Everglades ecosystem restoration: a watershed approach by the legislature.

AuthorFumero, John J.
PositionFlorida Comprehensive Everglades Restoration Plan

The Everglades were dying. The endless acres of saw grass, brown as an enormous shadow where rain and lake water had once flowed, rustled dry.

Marjorie Stoneman Douglas, The Everglades: River of Grass (1947).

As late as the 1800s, the Everglades consisted of a 60-mile-wide shallow river, seldom more than two feet deep, flowing from Lake Okeechobee to Florida Bay. That was before the U.S. Army Corps of Engineers erected 1,400 miles of dikes, dams, levees, and water control structures in the name of water supply and flood control. Now in the year 2000, more than 50 years after Marjorie Stoneman Douglas wrote about the demise of the Everglades, only 2.4 million acres of Everglades remain--about one third of the original Everglades ecosystem. Lake Okeechobee is likewise experiencing adverse ecological impacts. Florida is now at a turning point, ready to begin reversing the effects of massive wetlands drainage, damage to our estuaries and loss of valuable water storage areas.[1] Simply put, a replumbing of the water works which makes central and southern Florida habitable for humans is being proposed.

With an $8 billion price tag, the Central and Southern Florida Project Comprehensive Review Study, or Comprehensive Everglades Restoration Plan (CERP) as it is now known, is one of the most ambitious environmental restoration initiatives ever undertaken anywhere in the world. The intent of the CERP is to restore and preserve South Florida's natural ecosystems, including the internationally renowned Everglades and Lake Okeechobee, while protecting and enhancing water supplies and flood control.[2] This undertaking, an unprecedented federal-state partnership, involves an impressive array of scientists, engineers, policymakers, and other professionals from federal, state, regional, and tribal governments working to develop a conceptual road map for environmental restoration.

Background

* The Central and Southern Florida Flood Control Project

The Central and Southern Florida Flood Control Project (C&SF Project is a massive multipurpose public works project, one of the largest in the world. Over a 20-year period, the U.S. Army Corps of Engineers and its federal and state partners built an elaborate network of thousands of miles of canals encompassing 18,000 square miles of land.[3]

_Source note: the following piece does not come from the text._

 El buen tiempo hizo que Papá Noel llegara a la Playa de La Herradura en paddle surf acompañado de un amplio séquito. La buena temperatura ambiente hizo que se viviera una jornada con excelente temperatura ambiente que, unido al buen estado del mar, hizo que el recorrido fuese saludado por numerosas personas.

The C&SF Project includes components intended to handle flood control, regional water supply for agricultural and urban areas, prevention of salt water intrusion, water supply needs to Everglades National Park and other environmental resources, as well as the preservation offish and wildlife, recreation, and navigation.

For more than 50 years, the C&SF Project has performed its assigned functions admirably. Without construction of the C&SF Project, only a fraction of South Florida would be habitable. However, the project also has had extensive unintended and profound adverse effects on many of South Florida's ecosystems.[4] The original nine million square miles of Everglades have been reduced to less than half its original size. There has been an approximately 90 percent reduction in wading bird populations, infestation of over two million acres with exotic vegetation that destroys virtually all natural habitat values, and 1.7 billion acre-feet of freshwater per day wasted through ocean discharges through drainage lands.[5]

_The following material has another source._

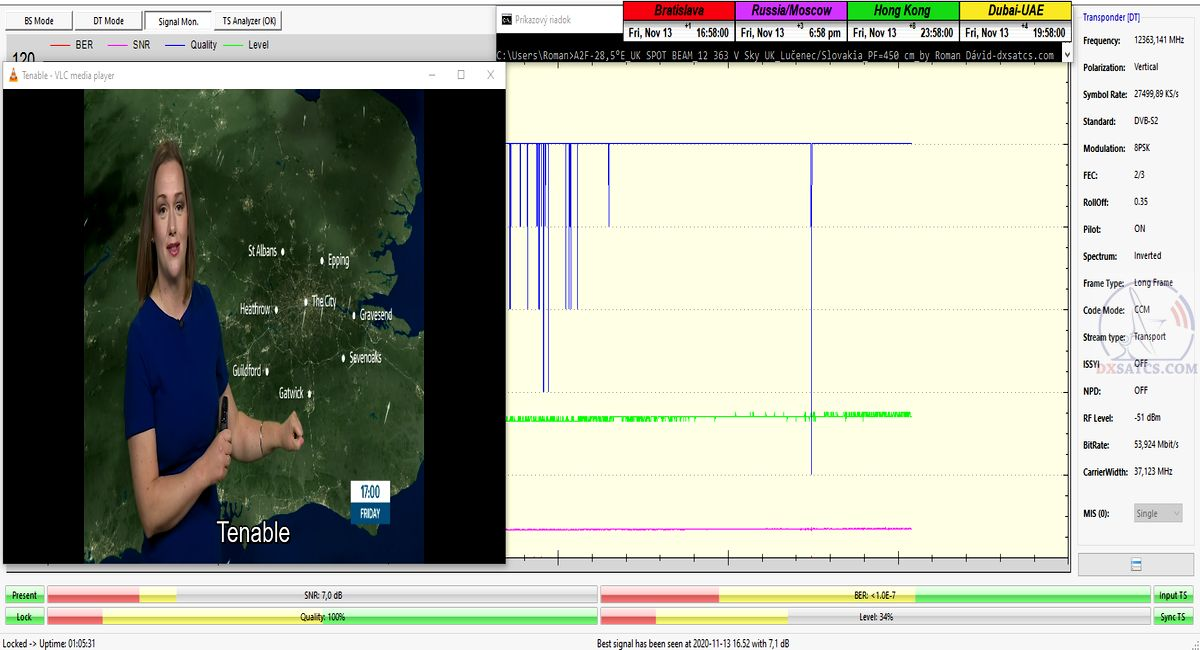 ►Obrazová a video demonštrácia príjmu z f=12 363 MHz v Lučenci : Sky Uk
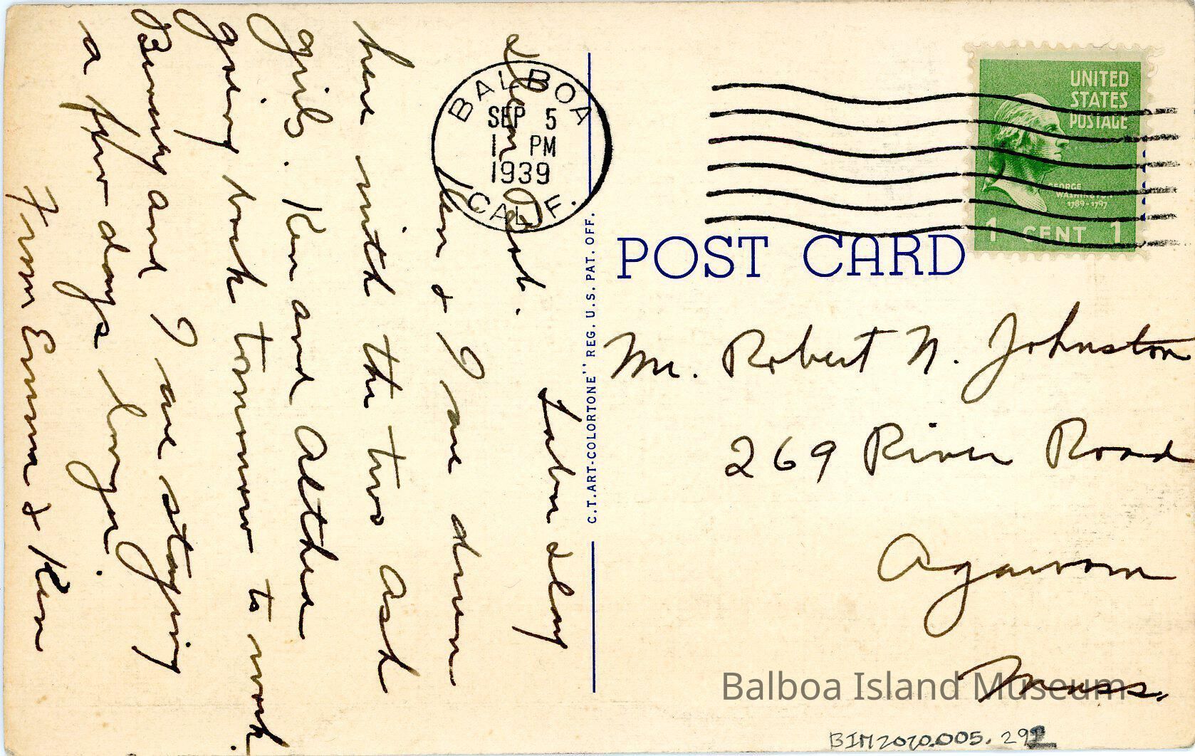 Sent on September 5, 1939 at 1 PM from Balboa. Sent to Mr. Robert N. Johnston in Agawam, Massachusetts. Sent from Emma & Ken.

* The South Florida Water Management District

The SFWMD is a regional water resource management agency involved in significant ongoing programs to acquire and manage environmentally sensitive lands, regulate water resource impacts of development activities, design and construct ecosystem restoration projects, provide applied scientific research relevant to natural resource issues, and operate a regional water conveyance system for flood protection, water quality, environmental protection, and water supply purposes.

* The Comprehensive Everglades Restoration Plan

While many interests have consistently been working to reverse the ecological decline of the Everglades ecosystem over the past three decades, the CERP plan represents the most comprehensive attempt at an ecosystem-wide solution. The recommended plan will change the quantity, quality, timing, and distribution of water in central and south Florida and ensure the quality of life in south Florida.[6]

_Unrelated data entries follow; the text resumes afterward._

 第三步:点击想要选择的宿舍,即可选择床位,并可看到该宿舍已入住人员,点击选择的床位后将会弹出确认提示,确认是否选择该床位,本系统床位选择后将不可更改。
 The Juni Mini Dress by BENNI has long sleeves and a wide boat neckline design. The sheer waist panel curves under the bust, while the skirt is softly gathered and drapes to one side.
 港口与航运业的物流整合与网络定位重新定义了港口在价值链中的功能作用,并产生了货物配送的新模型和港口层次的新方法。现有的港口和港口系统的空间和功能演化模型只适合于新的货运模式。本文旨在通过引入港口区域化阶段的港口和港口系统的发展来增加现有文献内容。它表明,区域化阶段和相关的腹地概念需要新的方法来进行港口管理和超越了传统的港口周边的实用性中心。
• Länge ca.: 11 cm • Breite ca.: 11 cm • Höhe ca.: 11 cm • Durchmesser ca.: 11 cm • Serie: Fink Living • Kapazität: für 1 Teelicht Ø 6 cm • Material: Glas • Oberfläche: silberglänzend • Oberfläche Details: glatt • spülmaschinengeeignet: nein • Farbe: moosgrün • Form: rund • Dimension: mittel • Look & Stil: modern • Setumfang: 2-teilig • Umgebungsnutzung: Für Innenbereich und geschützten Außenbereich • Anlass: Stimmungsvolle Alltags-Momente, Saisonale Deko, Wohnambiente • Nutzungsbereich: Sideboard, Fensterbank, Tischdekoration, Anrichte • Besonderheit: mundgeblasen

The U.S. Congress authorized development of the CERP plan of the C&SF Project in 1992 and provided further specific direction and guidance through two resolutions and legislation in 1996.[7] The responsible lead agencies are the U.S. Army Corps of Engineers, Jacksonville District, and the SFWMD. The responsible cooperating agencies are the U.S. Fish and Wildlife Service, the U.S. Environmental Protection Agency, the National Park Service, the Florida Fish & Wildlife Conservation Commission, the U.S. Geological Survey, the Natural Resources Conservation Service, and the Florida Department of Environmental Protection.[8]

Balancing the conflicting needs for water consumption in a rapidly growing south Florida and management of water resources for flood control and environmental restoration is at the heart of the successful implementation of the CERP. Consider this: The constituents for this $8 billion plan include over six million people in the lower east coast of Florida (predicted to be eight million people by 2010!), and an economically productive agricultural...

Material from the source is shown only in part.